DATA EXTRACT:
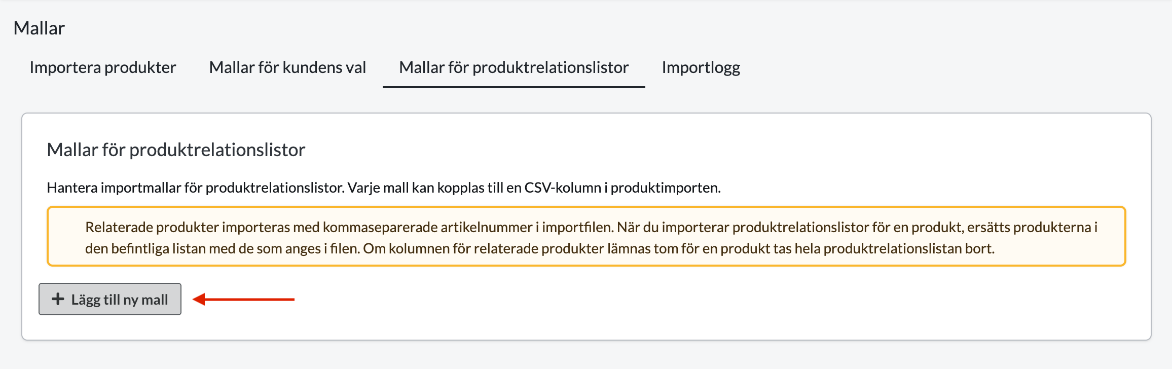 Product import allows you to add related products to your store via an import file. The feature uses so-called product relationship lists, where you specify related products on a specific product.
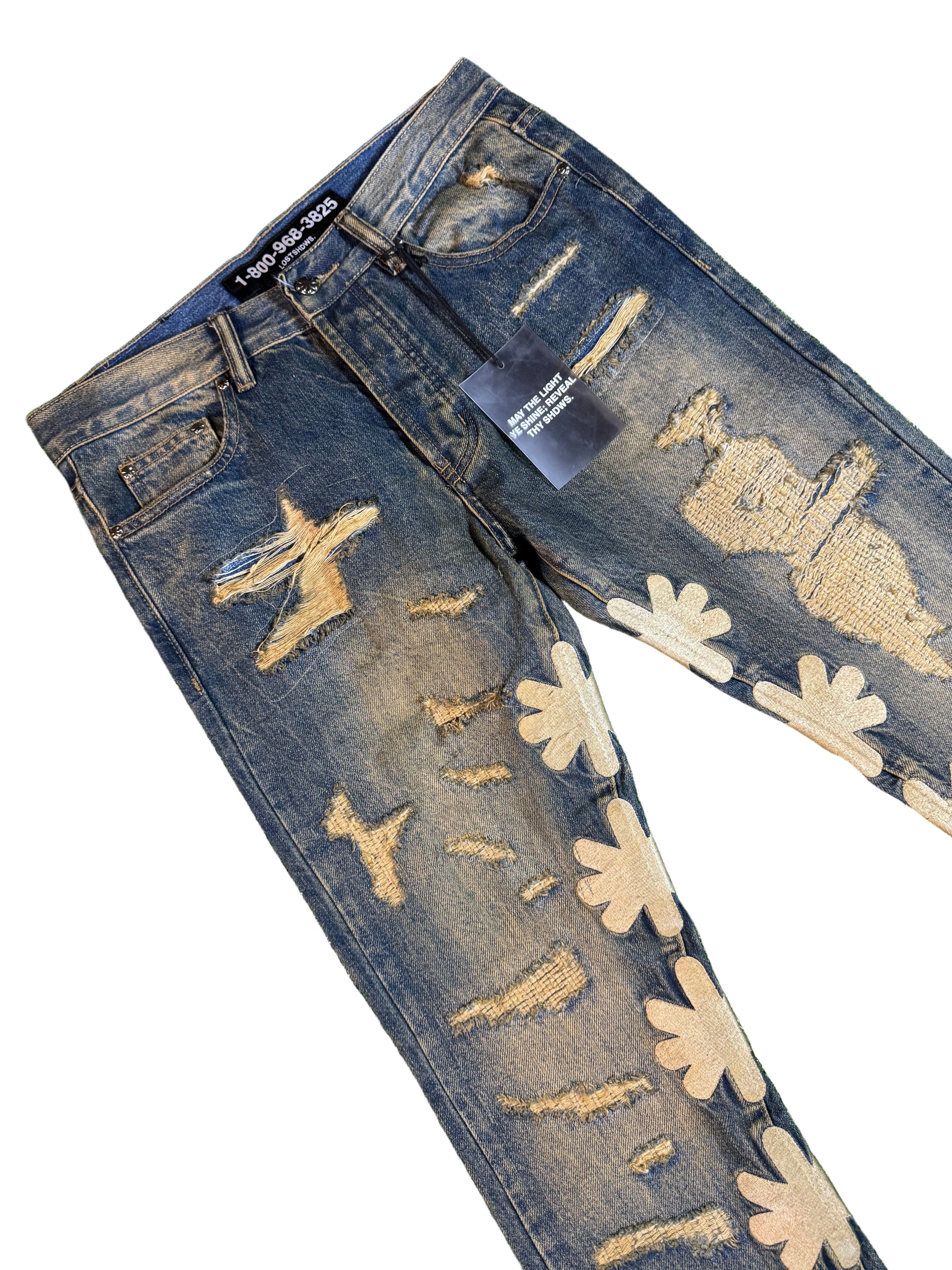• Hand-distressed rips and abrasions give each pair a unique worn-in look
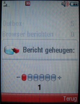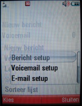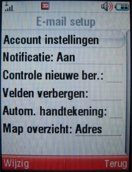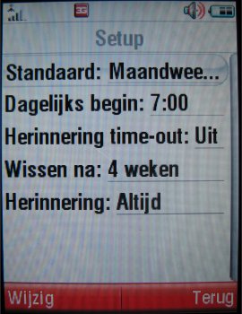 Alle instellingen kunnen onder setup aangepast worden. Hier kan het POP3/SMTP email account ingesteld worden en de geheugenstatus van het aantal berichten worden bekeken. Gelukkig geen maximum van 15 berichten, maar opslag van 100 berichten.

WHAT YOU WILL DO:
Every line of the material above must be written out exactly, with no pictures.

EXPECTED ANSWER:
 Product import allows you to add related products to your store via an import file. The feature uses so-called product relationship lists, where you specify related products on a specific product.
• Hand-distressed rips and abrasions give each pair a unique worn-in look
 Alle instellingen kunnen onder setup aangepast worden. Hier kan het POP3/SMTP email account ingesteld worden en de geheugenstatus van het aantal berichten worden bekeken. Gelukkig geen maximum van 15 berichten, maar opslag van 100 berichten.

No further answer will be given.